Tuturan D8: “Mbok nek ndue anak ki ora akeh-akeh. Mosok manak ping 6. Koyo pitik wae!” (Kalau punya anak itu jangan banyak-banyak. Punya anak kok 6 kali. Seperti ayam saja!)

2) Wujud Ketidaksantunan Pragmatik

Tuturan D5: penutur berbicara kepada orang yang lebih tua dengan ketus, penutur sengaja tidak menjawab pertanyaan mitra tutur padahal penutur sudah mengetahui bahwa mitra tutur kesulitan membaca, penutur juga berbicara di hadapan anggota keluarga lain.

Tuturan D8: penutur berbicara kepada mitra tutur dengan ketus, penutur melontarkan kata-kata yang seolah-olah menyetarakan sifat manusia dengan binatang, penutur berbicara tanpa memahami suasana hati mitra tutur, penutur juga berbicara di hadapan anggota keluarga yang lain.

3) Penanda Ketidaksantunan Linguistik

Tuturan D5: intonasi yang digunakan penutur adalah intonasi seru, tekanan keras pada kata salahe, nada tinggi, dan pilihan kata yang digunakan adalah bahasa nonstandar dengan menggunakan bahasa Jawa.

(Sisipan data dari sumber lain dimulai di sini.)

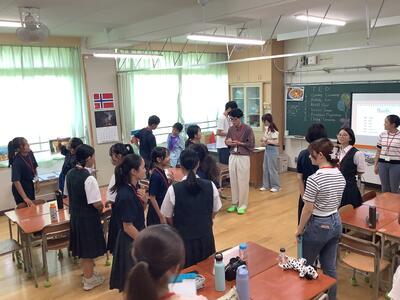 午後は、第2回のTTGGを実施しました。今日は、8名の留学生がゲストティーチャーとして来てくれました。先週使った表現も活用しながら、英語での会話に挑戦しました。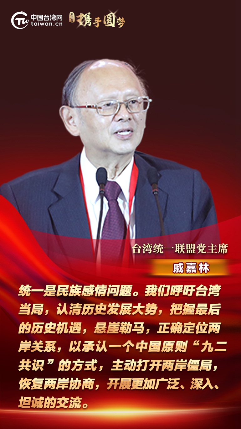 第二屆“攜手圓夢——兩岸同胞交流研討活動”7日在北京開幕。臺灣統(tǒng)一聯(lián)盟黨主席戚嘉林在致辭時指出,統(tǒng)一是民族感情問題。我們呼吁臺灣當(dāng)局,認清歷史發(fā)展大勢,把握最后的歷史機遇,懸崖勒馬,正確定位兩岸關(guān)系,以承認一個中國原則“九二共識”的方式,主動打開兩岸僵局,恢復(fù)兩岸協(xié)商,開展更加廣泛、深入、坦誠的交流。
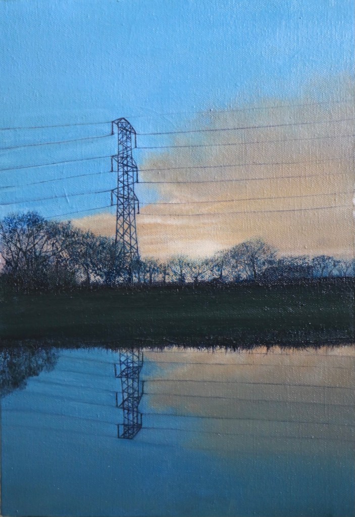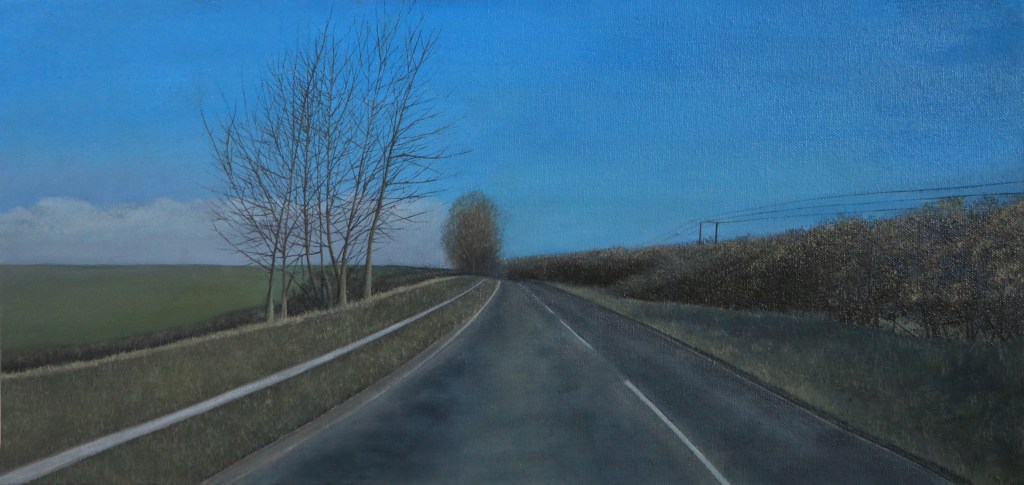 I decided to use oils to create a small series, using my car’s Dashcam as reference material for paintings. When driving, I always spot potential compositions for artwork, but I am unable to stop and take a picture. My Dashcam, however, is continuously on during these journeys, and it’s footage would eventually be deleted. I decided to look back at these recorded journeys, to see if the camera had picked up any of these scenes I had been drawn to. The camera had, and although they weren’t great quality, I was inspired to use these images as reference material.

Tuturan D8: intonasi yang digunakan penutur adalah intonasi seru, tekanan keras pada frasa koyo pitik wae, nada tinggi, pilihan kata yang digunakan adalah bahasa nonstandar dengan menggunakan bahasa Jawa, dan kata fatis yang terdapat dalam tuturan: mbok.

4) Penanda Ketidaksantunan Pragmatik

Tuturan D5: Tuturan terjadi ketika sedang menonton televisi malam hari. Acara yang dilihat saat itu adalah film berbahasa asing yang tentu dilengkapi dengan terjemahan. Kondisi mitra tutur yang tidak dapat membaca mengakibatkan ia kesulitan memahami acara televisi, mitra tutur bertanya kepada penutur. Namun, penutur menjawab pertanyaan mitra tutur dengan nada kesal. Penutur dan mitra tutur perempuan. Penutur kelas XII SMK, berusia 19 tahun dan mitra tutur berusia 42 tahun. Penutur adalah anak dari mitra tutur. Tujuan tuturan penutur adalah mengungkapkan kekesalannya. Tindak verbal yang terjadi: ekspresif. Tindak perlokusi dari tuturan tersebut: MT kesal dan pergi tidur.

Tuturan D8: Penutur dan mitra tutur berada di ruang keluarga pada sore hari. Penutur berusaha menegur mitra tutur dengan kesal, karena mitra tutur sudah mempunyai 6 anak. Jumlah yang terlalu banyak menurut penutur. Penutur laki- laki berusia 75 tahun dan mitra tutur perempuan berusia 45 tahun. Penutur adalah bapak dari mitra tutur. Tujuan dari tuturan penutur adalah menyadarkan MT untuk tidak menambah jumlah anak lagi. Tindak verbal yang terjadi: ekspresif. Tindak perlokusi dari tuturan tersebut: MT tersenyum malu kemudian memberikan jawaban untuk membela diri.

5) Maksud Ketidaksantunan

Kedua tuturan tersebut memiliki maksud yang berbeda. Tuturan D5 disampaikan dengan maksud mengungkapkan kekesalan penutur akibat ketidakmampuan mitra tuturnya dalam hal membaca, sedangkan tuturan D8

disampaikan dengan maksud memrotes mitra tuturnya karena memiliki anak dengan jumlah banyak.